## Task inputs
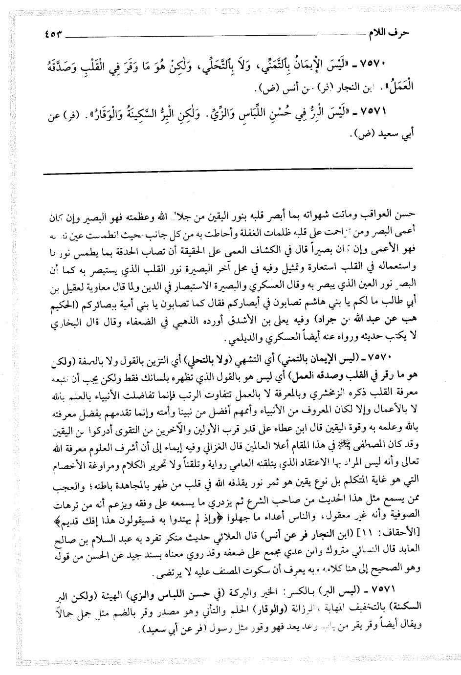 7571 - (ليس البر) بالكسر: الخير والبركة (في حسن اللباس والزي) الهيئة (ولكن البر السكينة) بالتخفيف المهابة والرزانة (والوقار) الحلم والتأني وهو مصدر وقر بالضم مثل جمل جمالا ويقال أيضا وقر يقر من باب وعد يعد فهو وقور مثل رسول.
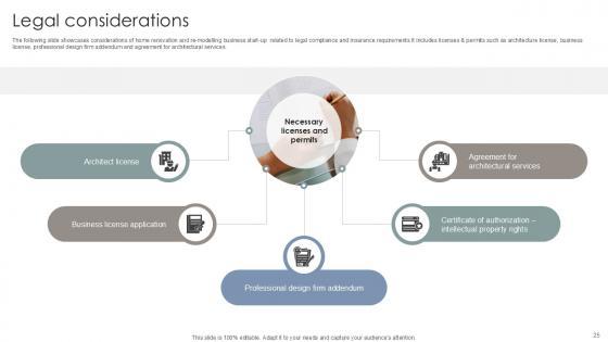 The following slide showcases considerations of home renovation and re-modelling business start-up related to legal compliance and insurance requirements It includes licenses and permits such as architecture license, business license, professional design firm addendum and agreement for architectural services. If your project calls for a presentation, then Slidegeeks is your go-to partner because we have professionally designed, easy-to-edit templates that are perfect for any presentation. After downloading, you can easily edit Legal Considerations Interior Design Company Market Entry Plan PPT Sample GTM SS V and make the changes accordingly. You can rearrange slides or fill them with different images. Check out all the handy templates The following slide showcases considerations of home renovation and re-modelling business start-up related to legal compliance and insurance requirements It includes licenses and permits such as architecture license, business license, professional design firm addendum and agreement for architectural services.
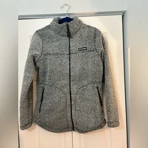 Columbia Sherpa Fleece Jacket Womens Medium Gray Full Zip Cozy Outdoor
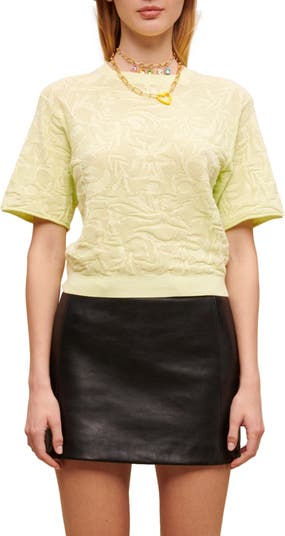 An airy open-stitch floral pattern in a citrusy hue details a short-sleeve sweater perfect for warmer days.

---

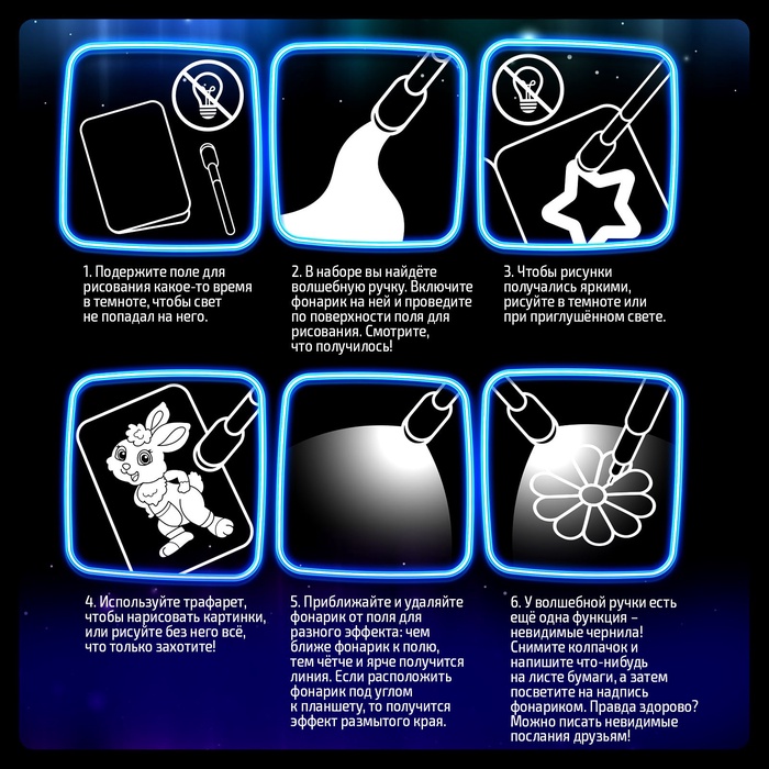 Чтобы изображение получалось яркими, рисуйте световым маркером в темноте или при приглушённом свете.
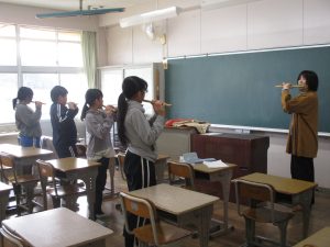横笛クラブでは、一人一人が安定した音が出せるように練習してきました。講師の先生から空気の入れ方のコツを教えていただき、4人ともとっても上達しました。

* * *

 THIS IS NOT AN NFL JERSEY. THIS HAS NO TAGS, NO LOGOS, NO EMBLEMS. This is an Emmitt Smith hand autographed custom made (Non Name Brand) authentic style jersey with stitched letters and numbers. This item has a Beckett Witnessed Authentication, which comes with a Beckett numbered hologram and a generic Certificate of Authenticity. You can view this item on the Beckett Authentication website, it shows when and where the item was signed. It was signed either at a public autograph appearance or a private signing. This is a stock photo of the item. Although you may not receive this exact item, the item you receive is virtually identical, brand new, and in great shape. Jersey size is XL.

## Task to carry out
Pictures in the material above should be skipped; print exactly the lines from the one with "Columbia Sherpa Fleece" through the one with "An airy open-stitch".

## Problem solution
 Columbia Sherpa Fleece Jacket Womens Medium Gray Full Zip Cozy Outdoor
 An airy open-stitch floral pattern in a citrusy hue details a short-sleeve sweater perfect for warmer days.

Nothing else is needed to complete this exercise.